Carl Borromäus Godlewski (20 November 1862 in Dortmund – 8 December 1949 in Mödling) was a circus clown, acrobat, ballet master, dance teacher and choreographer.

== Life and work ==
Godlewski was the son of a builder. Unbeknownst to his father he learned in high school the arts of horse-riding, trapeze arts and acrobatics. After the death of his father Godlewski decided to adopt a circus commitment in order to receive a monthly salary of 50 rubles. After years of traveling with a traveling circus, he was supported by Ernst Renz (1815-1892) to commit to Berlin, where he trained as a clown and teeterboard springer. He worked with elephants and companies of soldiers with fixed bayonets, he later became well known and won world prizes.

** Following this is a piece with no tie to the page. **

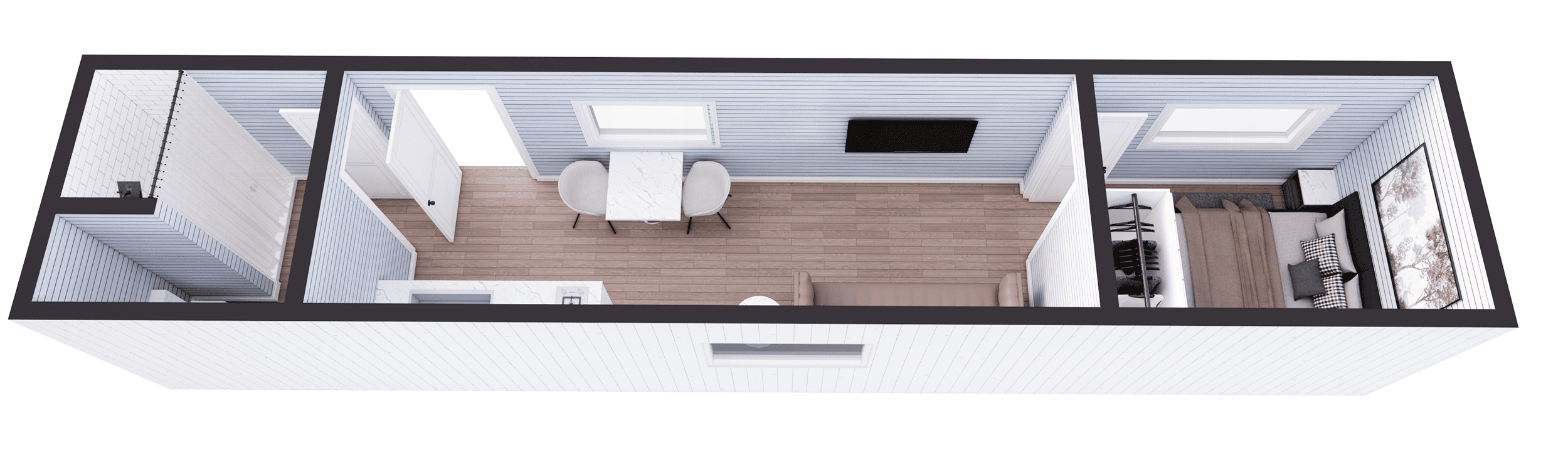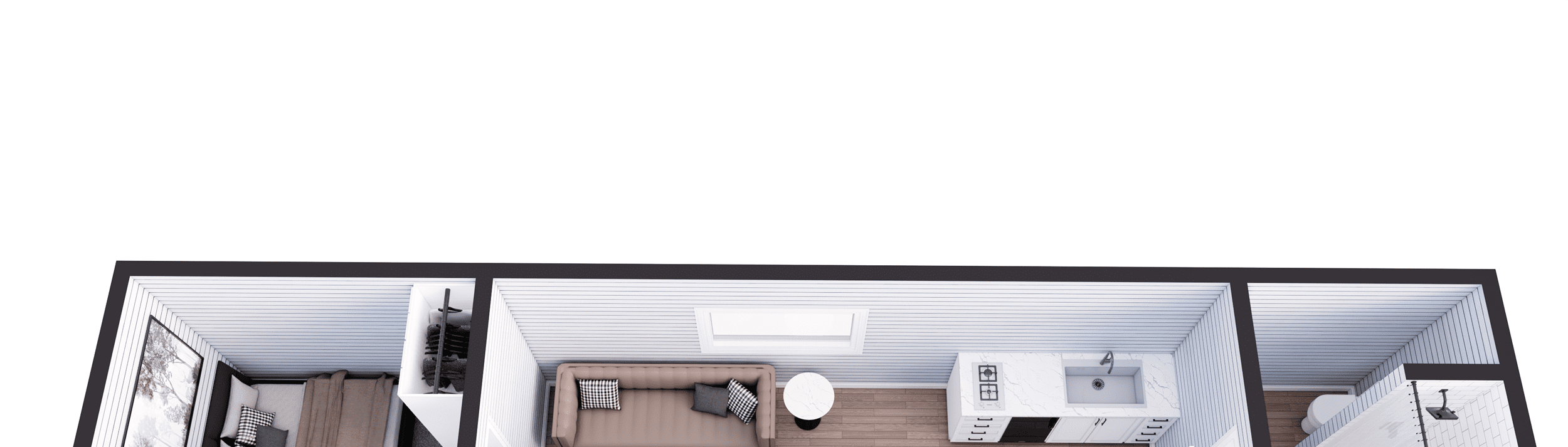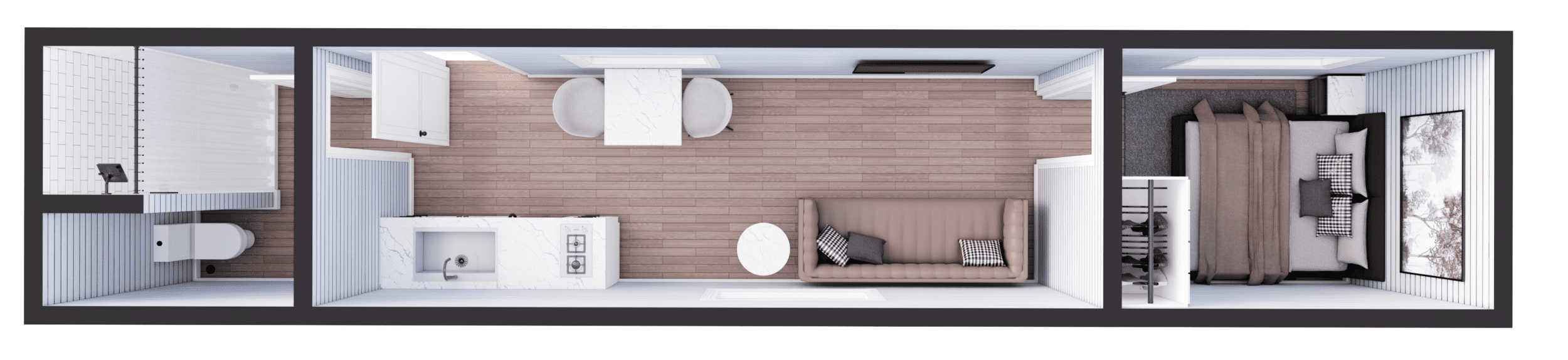 Introducing the Happy Shack, our budget-friendly take on comfortable container living. This 320 square foot 40ft shipping container home offers all the essentials for a cozy and functional living space. You’ll still find the efficient use of space and modern design you love, but with a focus on affordability. Enjoy a built-in wardrobe, nice kitchen, and a 4′ shower in the bathroom. The Happy Shack proves that smart living doesn’t have to break the bank.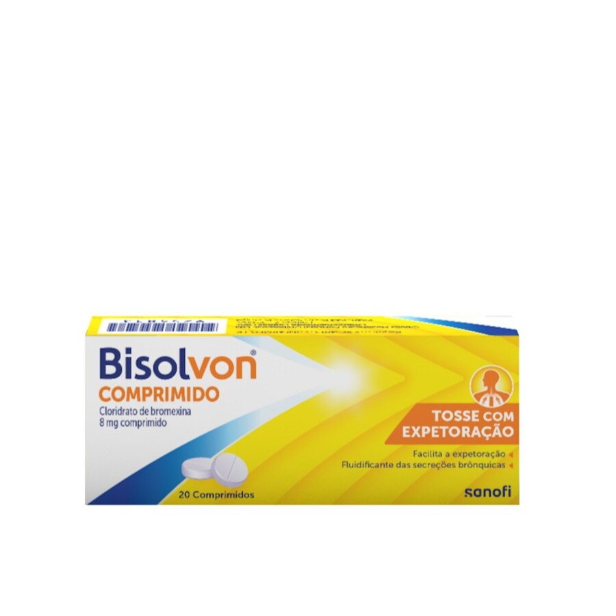 Bisolvon® (cloridrato de bromexina), adjuvante mucolítico do tratamento antibacteriano das infecções respiratórias em presença de hipersecreção brônquica. Precauções/contraindicações: gravidez, aleitamento, hipersensibilidade à composição, úlcera gastroduodenal, doença hepática e insuficiência renal, asma, lesões cutâneas, intolerância à galactose. Não associar com um antitússico nem com um secante de secreções. Pode haver um aumento no fluxo das secreções. Os comprimidos contêm lactose. Leia atentamente o folheto informativo. Em caso de agravamento ou persistência dos sintomas consulte o seu médico ou farmacêutico.

Godlewski has already established himself as a celebrity when Wilhelm Jahn (1835-1900) brought him in 1893 from Berlin to the Vienna Court Opera. In his first year of his commitment he was one of the busiest members of the Corps.
Because of his reputation, he was appointed at the turn of the century as a dancing master to the court. He was dancing with Grete Wiesenthal, he was the first mime and solo dancer of the Vienna Hofopernballetts from 1918–19, just before the archducal lost its influence over the stage.

In the spring of 1918, Godlewski looked back to 1770 performances on his 25 years anniversary.

Godlewski choreographed numerous ballets at the Vienna Opera, among others, including the world premiere of Erich Wolfgang Korngold’s first work, the pantomime The Snowman (1910). He also designed large revues for the general public, such as the trip Around the world in 80 days (1905) in Vienna's Olympic Arena, which was over 4000 moorings and one of the largest theatres in Europe.

Godlewski's career demonstrates the cultural policy with its educational hostility and sympathy for popular culture, and the declared tolerance during anti-Semitic currents in pre-First World War Vienna, at the time of the Viennese mayor Karl Lueger.

Carl Godlewski married dancer Maria Ludmilla Klahs (1868-1934), with whom he celebrated their silver wedding anniversary in 1914 on his country estate in Tulln an der Donau.

In 1955 the 22nd district Donaustadt of Vienna was named after him, Godlewskigasse.

== Work ==
- —, M(oritz) Kronfeld: Bediene dich selbst! Einactiges Ballett mit Vorspiel. Selbstverlag, Wien 1898, OBV.
- Carl Frühling (Musik), —, Max Lewis: Watteau. Ballet Pantomime in einem Act. Musikdruck. Josef Eberle, Wien (1900), OBV.
- —, Ernst Moriz Kronfeld, Rudolf Gutmannsthal (Musik): Wenn die Katze nicht zu Hause ist … Ballet-Pantomime. Selbstverlag, Wien 1901, OBV.
- Julius Lehnert, Léo Delibes (Musik), Léon Minkus (Musik), — (Choreografie): Rübezahl. Ballet in einem Akt. Wallishausser’sche k.u.k. Hofbuchhandlung, Wien 1910, OBV.